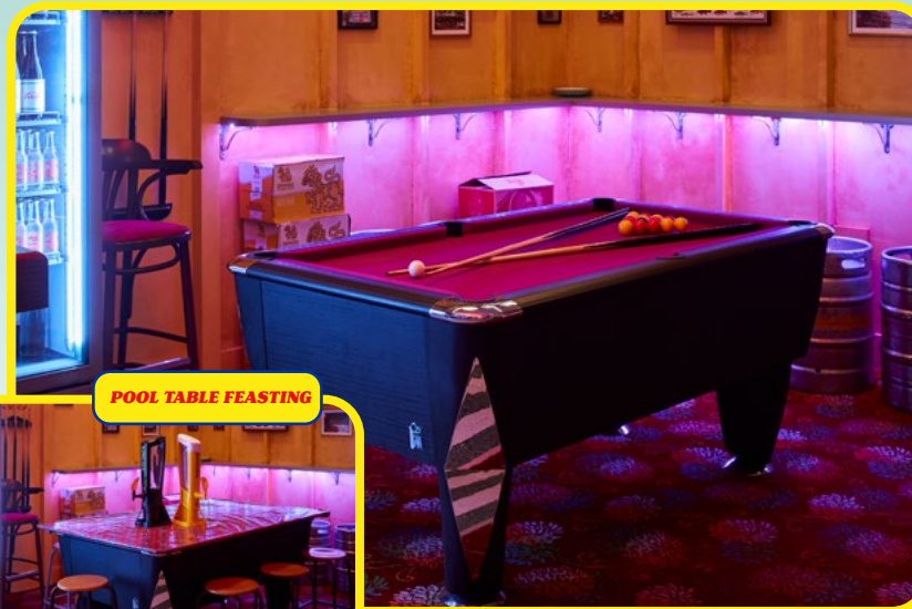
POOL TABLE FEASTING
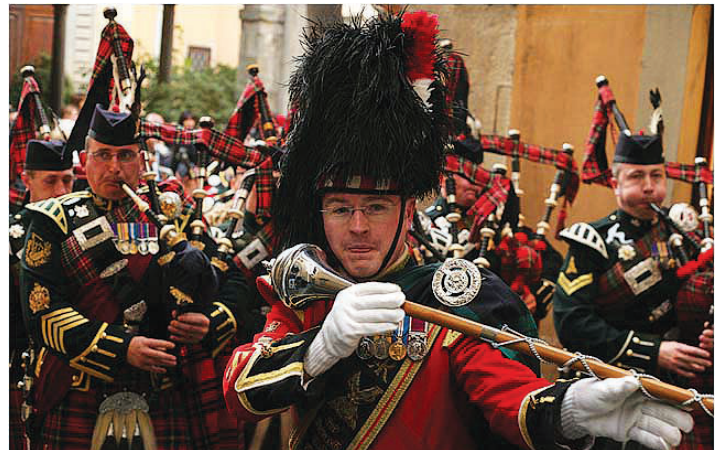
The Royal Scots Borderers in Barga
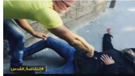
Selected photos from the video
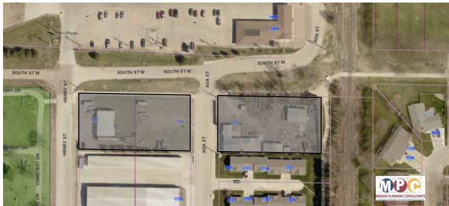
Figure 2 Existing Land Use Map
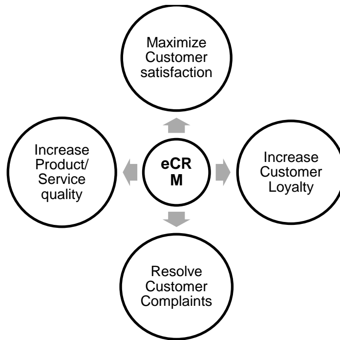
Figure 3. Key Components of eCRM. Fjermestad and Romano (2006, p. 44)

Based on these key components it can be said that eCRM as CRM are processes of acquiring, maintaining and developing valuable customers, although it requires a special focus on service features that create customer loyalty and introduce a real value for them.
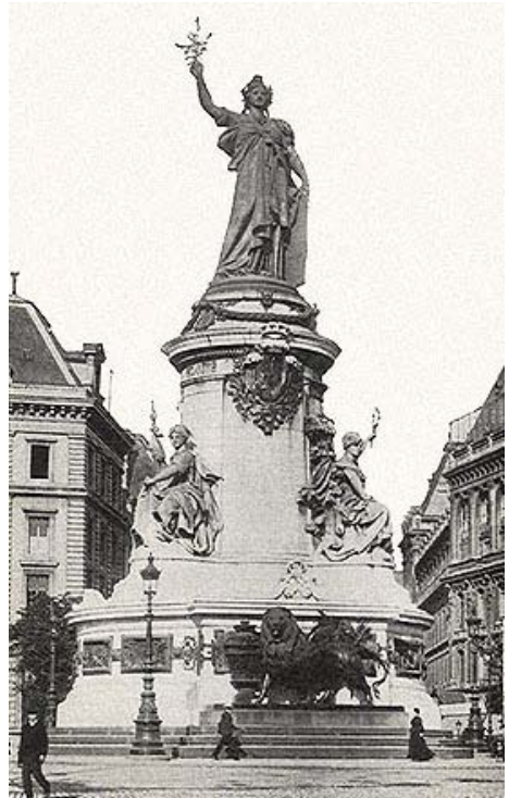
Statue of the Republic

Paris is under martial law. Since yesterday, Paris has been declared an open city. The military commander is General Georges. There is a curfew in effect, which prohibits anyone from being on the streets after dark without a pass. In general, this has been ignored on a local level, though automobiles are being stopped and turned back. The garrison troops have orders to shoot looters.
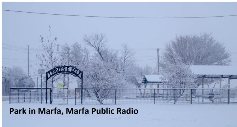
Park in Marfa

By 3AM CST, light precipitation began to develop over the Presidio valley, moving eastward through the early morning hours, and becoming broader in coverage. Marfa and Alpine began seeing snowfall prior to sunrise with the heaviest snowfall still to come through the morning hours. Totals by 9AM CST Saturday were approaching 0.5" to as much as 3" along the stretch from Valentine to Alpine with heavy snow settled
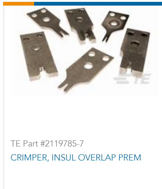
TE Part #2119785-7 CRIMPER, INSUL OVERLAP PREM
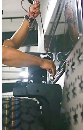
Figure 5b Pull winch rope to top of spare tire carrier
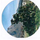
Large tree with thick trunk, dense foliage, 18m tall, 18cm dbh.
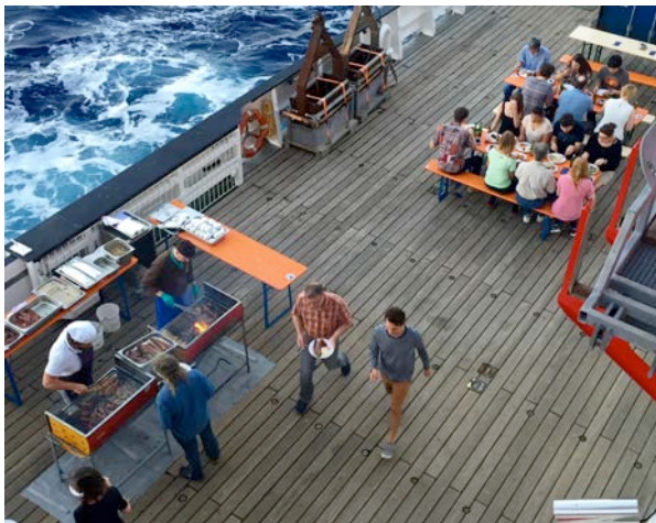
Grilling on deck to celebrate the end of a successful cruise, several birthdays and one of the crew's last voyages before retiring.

__TASK STATEMENT__
From the records given above, copy all lines containing "eCRM".

__YOUR RESPONSE__
Figure 3. Key Components of eCRM. Fjermestad and Romano (2006, p. 44)
Based on these key components it can be said that eCRM as CRM are processes of acquiring, maintaining and developing valuable customers, although it requires a special focus on service features that create customer loyalty and introduce a real value for them.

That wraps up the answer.